REQUIRED WORK
Copy out the listing below exactly, please, and skip any pictures.

DATA section start

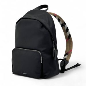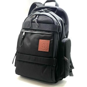 BURBERRY рюкзак текстиль черный коричневое кожаное лого
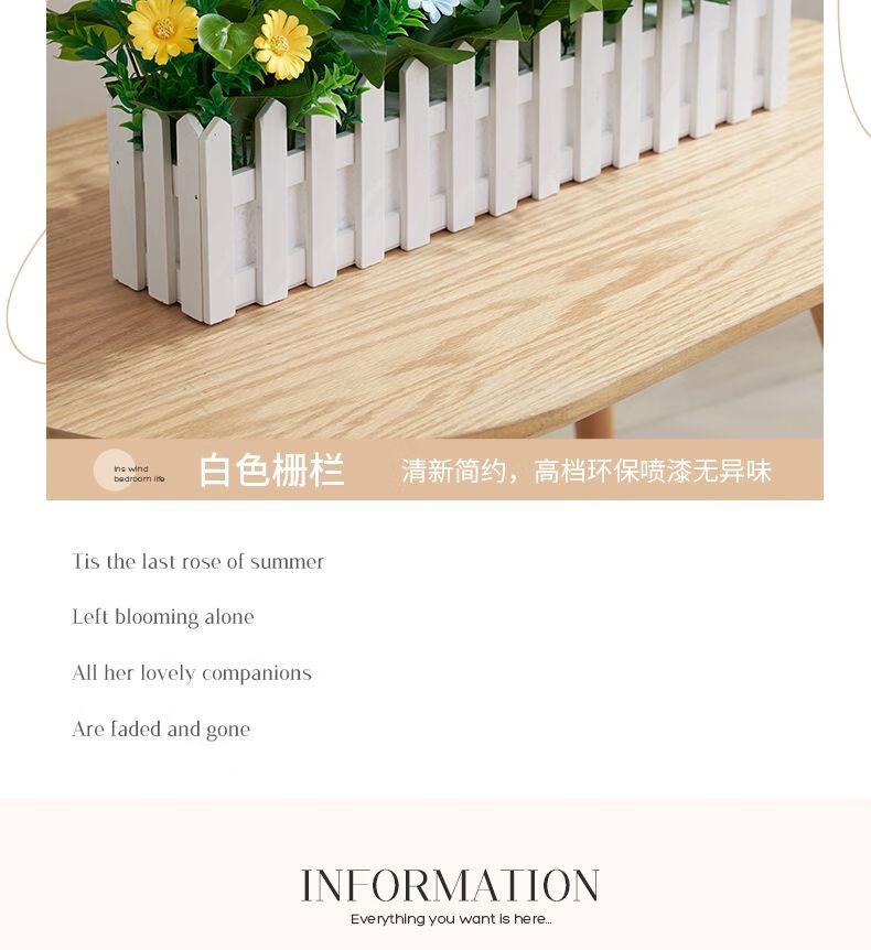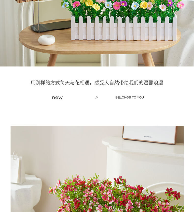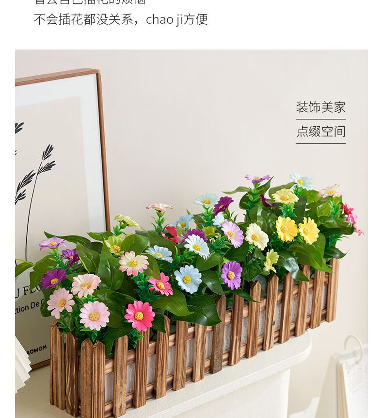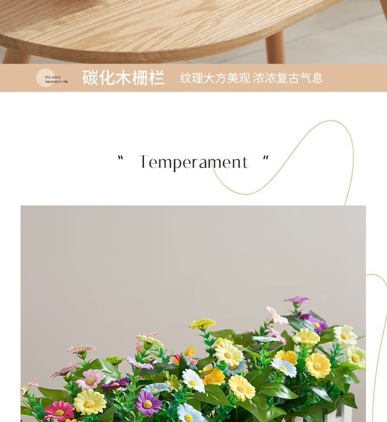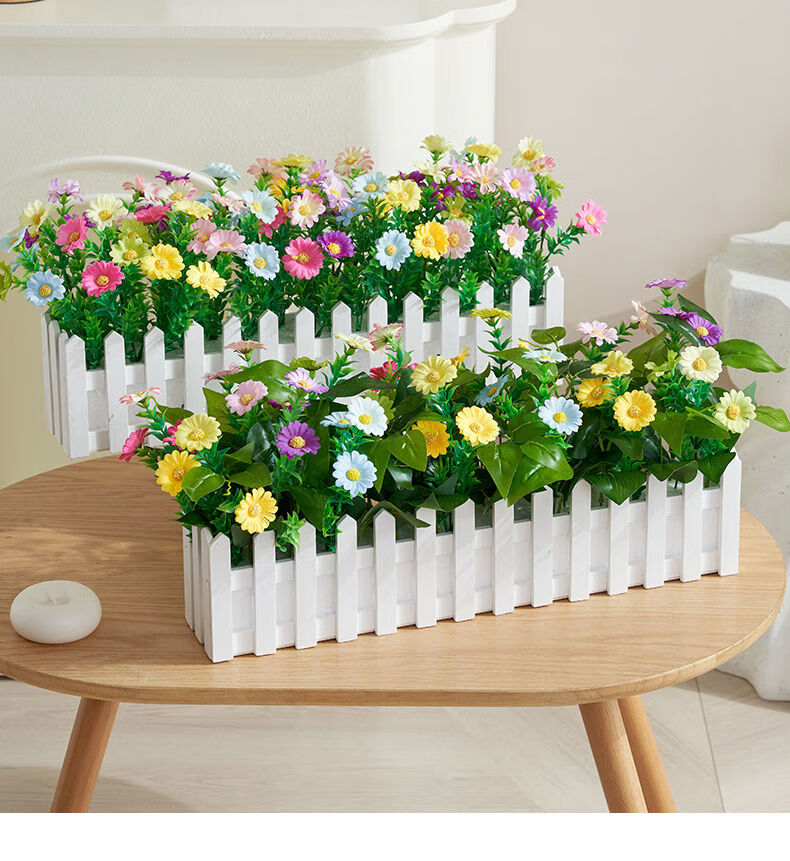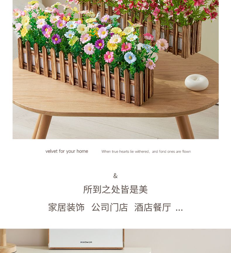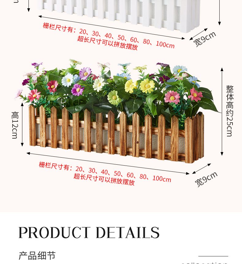 OYKTN仿真花栅栏花绿植假花客厅墙角窗台隔断遮挡装饰绿植摆设盆栽摆件 木色栅栏+玫红色香草花 长30厘米
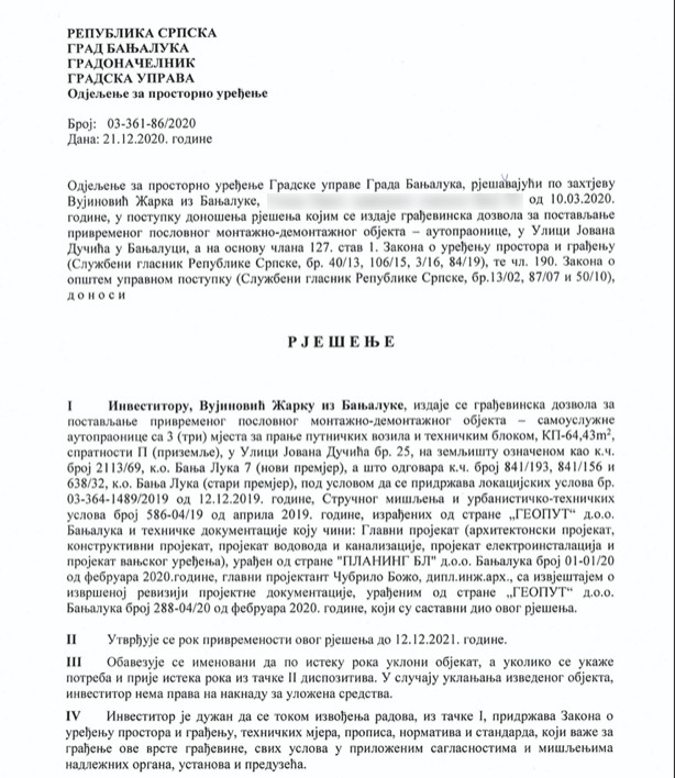Pobjedom Draška Stanivukovića na lokalnim izborima, slučaj se ubrzava, kako nova vlast ne bi poremetila planove. Odjeljenje za prostorno uređenje Grada Banjaluka, tako je Vujinoviću dozvolu za gradnju izdalo 21. decembra prošle godine, samo tri dana prije nego je Stanivuković preuzeo gradonačelničku fotelju od Radojičića. Međutim, spomenuta dozvola podrazumijeva autopraonicu sa tri boksa, ali vlasnici su, protivno zakonu, nastavili da rade sa svih šest boksova. Samim tim, jasno je da autopraonica i dalje ne ispunjava ekološke uslove, niti uslove fizičke odvojenosti od drugih objekata. Rješenje o izdavanju građevinske dozvole je privremeno i važi do 21. decembra 2021. godine.
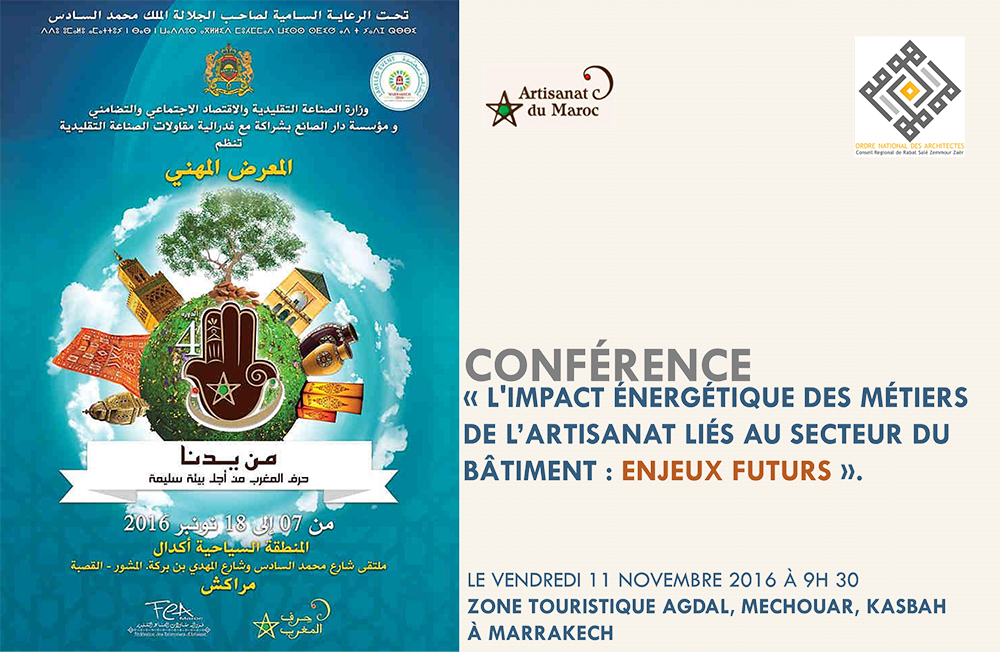 A cette occasion, une conférence en partenariat avec le Conseil Régional de l'Ordre des Architectes de Rabat-Salé-Zemmour-Zaër, est programmée le 11/11/2016 à 9h30 sous le thème « L'impact énergétique des métiers de l’artisanat liés au secteur du bâtiment : ENJEUX FUTURS »

DATA section end

RESULT FOR THIS EXERCISE
 BURBERRY рюкзак текстиль черный коричневое кожаное лого
 OYKTN仿真花栅栏花绿植假花客厅墙角窗台隔断遮挡装饰绿植摆设盆栽摆件 木色栅栏+玫红色香草花 长30厘米
Pobjedom Draška Stanivukovića na lokalnim izborima, slučaj se ubrzava, kako nova vlast ne bi poremetila planove. Odjeljenje za prostorno uređenje Grada Banjaluka, tako je Vujinoviću dozvolu za gradnju izdalo 21. decembra prošle godine, samo tri dana prije nego je Stanivuković preuzeo gradonačelničku fotelju od Radojičića. Međutim, spomenuta dozvola podrazumijeva autopraonicu sa tri boksa, ali vlasnici su, protivno zakonu, nastavili da rade sa svih šest boksova. Samim tim, jasno je da autopraonica i dalje ne ispunjava ekološke uslove, niti uslove fizičke odvojenosti od drugih objekata. Rješenje o izdavanju građevinske dozvole je privremeno i važi do 21. decembra 2021. godine.
 A cette occasion, une conférence en partenariat avec le Conseil Régional de l'Ordre des Architectes de Rabat-Salé-Zemmour-Zaër, est programmée le 11/11/2016 à 9h30 sous le thème « L'impact énergétique des métiers de l’artisanat liés au secteur du bâtiment : ENJEUX FUTURS »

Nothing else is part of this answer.